What if defeating the enemy was the justification for war, but not its real goal? What if its goal was a certain kind of power-brokerage? On Opendemocracy.net, Mary Kaldor attempts a redefinition of war in line with contemporary developments:

 

"Clausewitz defined war as an ‘an act of violence designed to compel our opponent to fulfil our will.’ From that definition he derived his theory that war tends to extremes as each side tries to crush his opponent. I want to suggest an alternative definition. War is ‘an act of violence involving at least two organised groups framed in political terms.’ Defined in this way, war can either be a contest of wills or a mutual enterprise. If it is the latter, wars are likely not to be extreme but to be long and difficult to end."

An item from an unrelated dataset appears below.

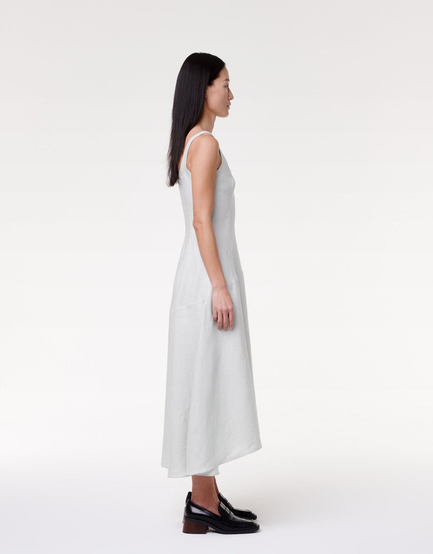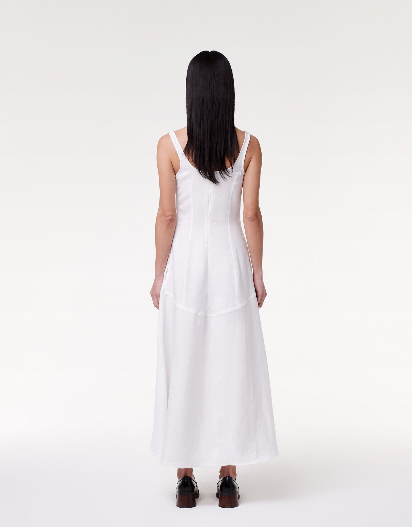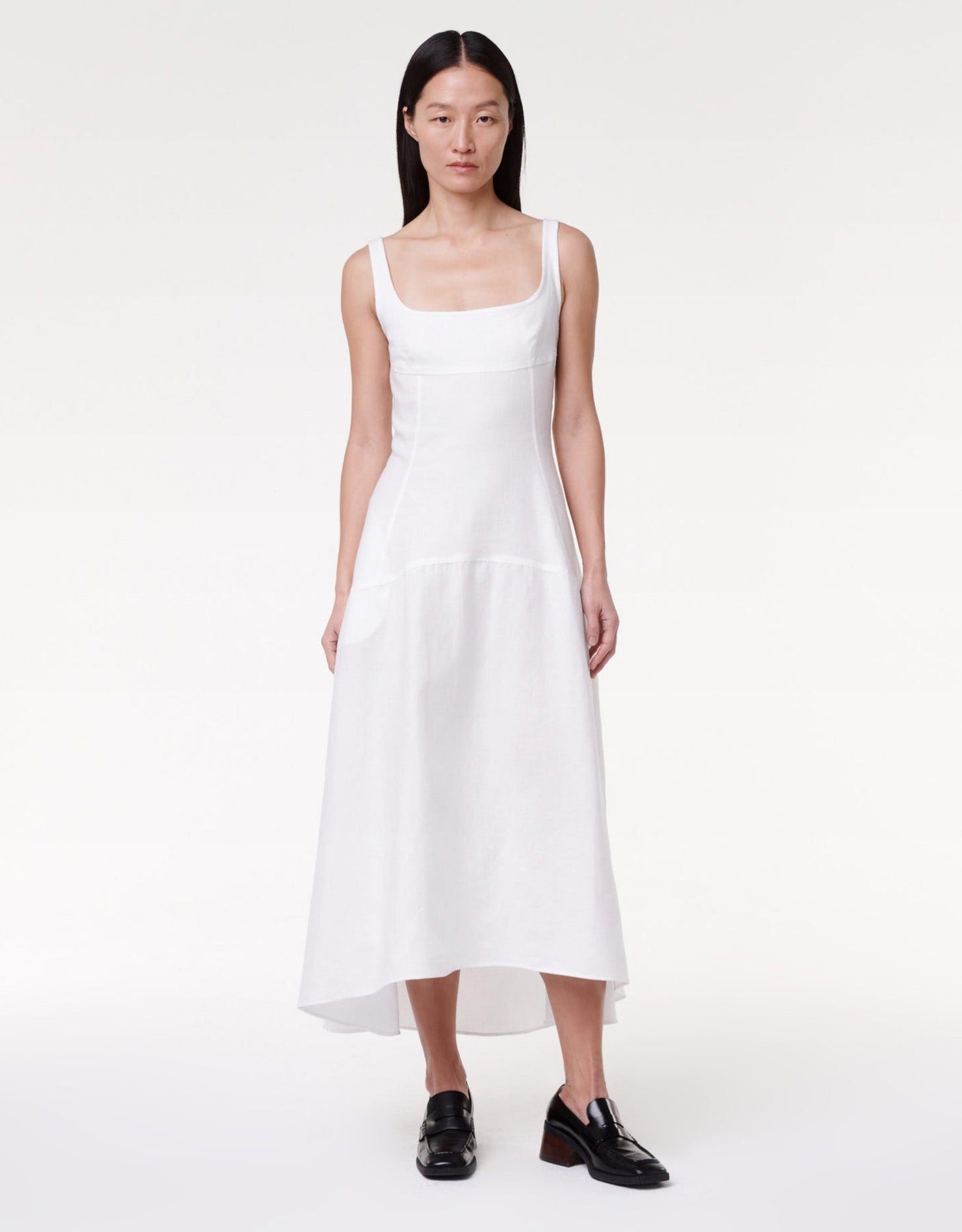 Contrasting the structured romanticism of a bodice fit with the relaxed feel of organic linen, this ankle length dress stands on its own or serves as a breathable base for further layering. The dress is fastened with an invisible zipper along the side seam and a hook and eye closure at the edge. The soft natural wrinkle is a hallmark of linen, which does not need be steamed.

"A mutual enterprise could be political or it could be economic or it could be both. Violence is a way in which groups win political power not through defeating the enemy but through mobilising support on the basis of fear. Such groups construct ideologies to explain deep-seated social frustrations – poverty, insecurity, lack of opportunity – and to place the blame on the ‘other’. They turn themselves into protectors by generating the insecurity from which people need to be protected. Defeating the enemy is the justification not the goal of war. Indeed the warring parties share a mutual need for justification and consequently, they may actually reinforce each other. Through war and violence, the armed actors transform themselves from marginal extremists into mainstream power-brokers. By producing fear and hatred, they construct exclusive ethnic or religious ideologies that underpin their power. Understood in this way, war is not about genuine grievances or ‘root causes’- it is about manipulating and instrumentalising grievance."